I think this description does not make it very clear why multiple streams
(VCs) cause the older drain architecture to not work, and what exactly is the
limitation in the hardware FIFOs.
How about the following instead:
On buffer starvation the DMA is marked IDLE, and the stale data in the
internal FIFOs gets drained only on the next VIDIOC_QBUF call from the
userspace. This approach works fine for a single stream case.
But in multistream scenarios, buffer starvation for one stream i.e. one
virtual channel, can block the shared HW FIFO of the CSI2RX IP. This can
stall the pipeline for all other virtual channels, even if buffers are
available for them.
This patch introduces a new architecture, that continuously drains data
from the shared HW FIFO into a small (32KiB) buffer if no buffers are made
available to the driver from the userspace.

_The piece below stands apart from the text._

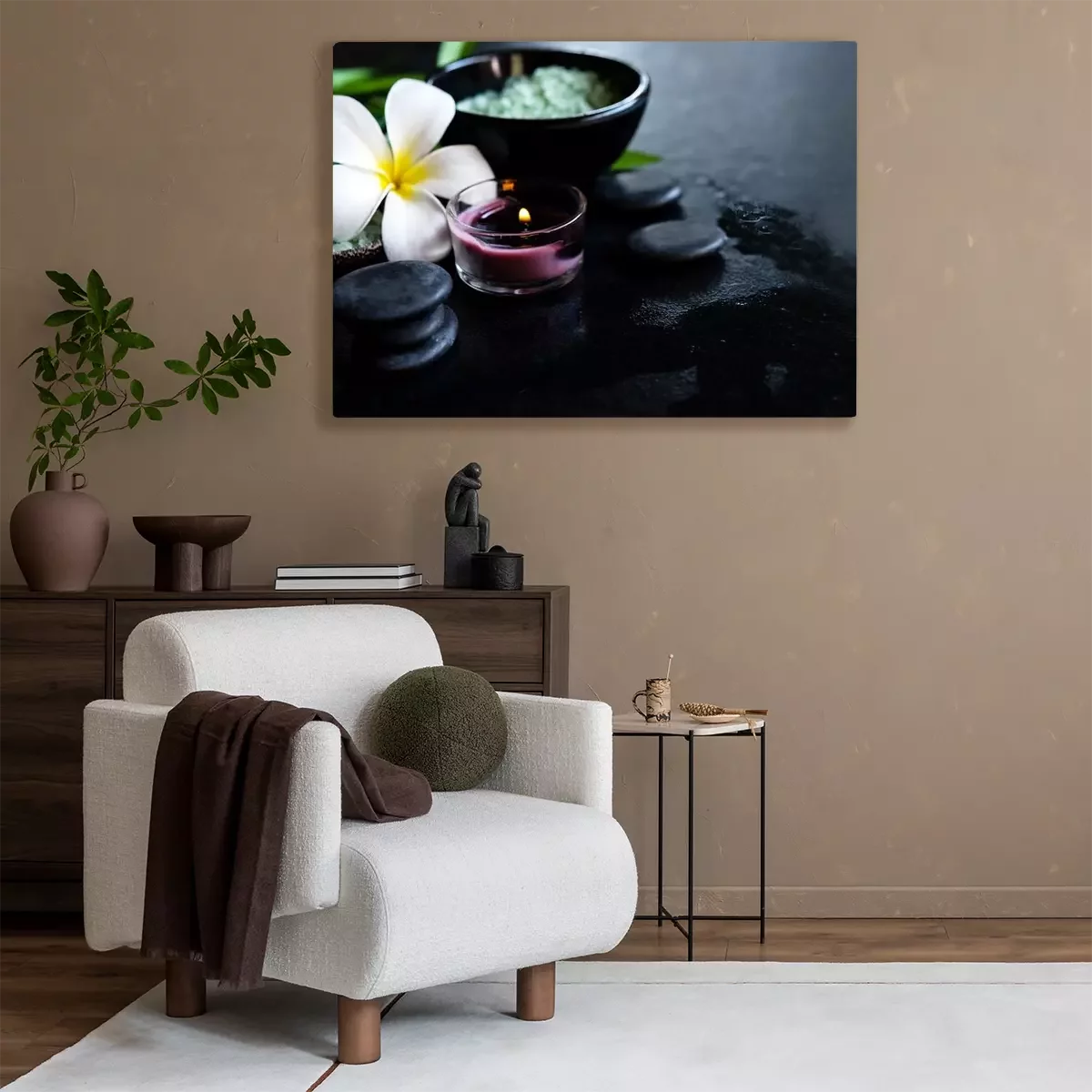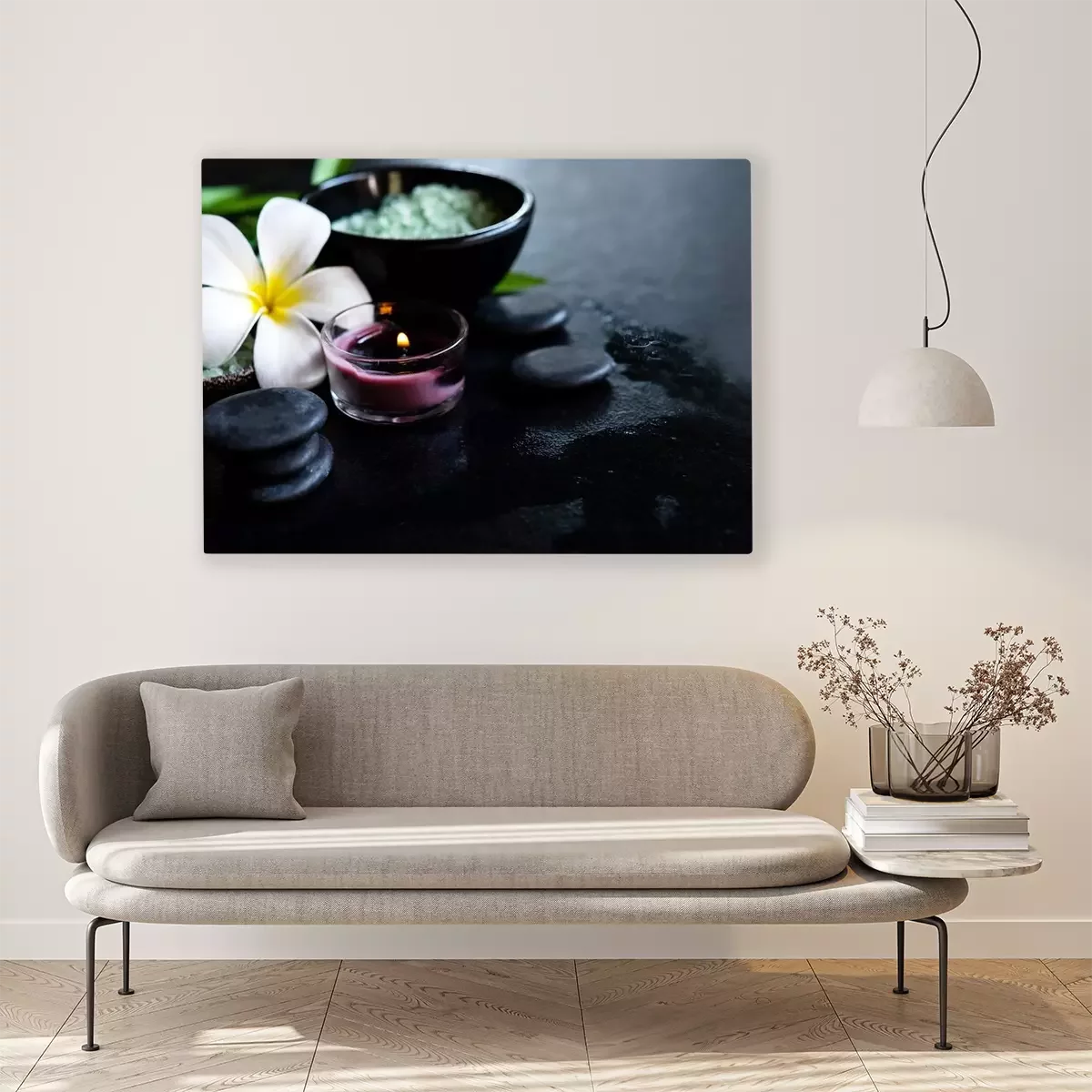 Tableau  Thai Spa.  Top view of white Plumeria flower setting for massage treatment and relax on concrete blackboard with copy space.  Green leaf with black stones pile for spa therapy. Healthy Concept.

This ensures independence
between different streams, where a slower downstream element for one
camera does not block streaming for other cameras.
>
> Signed-off-by: Rishikesh Donadkar <r-donadkar@...com>
> ---
> .../platform/ti/j721e-csi2rx/j721e-csi2rx.c | 96 +++++++------------
> 1 file changed, 33 insertions(+), 63 deletions(-)
>
> diff --git a/drivers/media/platform/ti/j721e-csi2rx/j721e-csi2rx.c b/drivers/media/platform/ti/j721e-csi2rx/j721e-csi2rx.c
> index 23d63d8bcd36a..7f476c78c4a92 100644
> --- a/drivers/media/platform/ti/j721e-csi2rx/j721e-csi2rx.c
> +++ b/drivers/media/platform/ti/j721e-csi2rx/j721e-csi2rx.c
> @@ -57,7 +57,6 @@
> #define TI_CSI2RX_MAX_SOURCE_PADS TI_CSI2RX_MAX_CTX
> #define TI_CSI2RX_MAX_PADS (1 + TI_CSI2RX_MAX_SOURCE_PADS)
>
> -#define DRAIN_TIMEOUT_MS 50
> #define DRAIN_BUFFER_SIZE SZ_32K
As you are draining 32KiB chunks, it is likely that the hardware is in the
middle of a frame when the userspace queues a new buffer and you stop
draining, and change the target address to a user-facing buffer. How does the
PSIL/DMA engine handle the SoF/EoF boundaries in such a case?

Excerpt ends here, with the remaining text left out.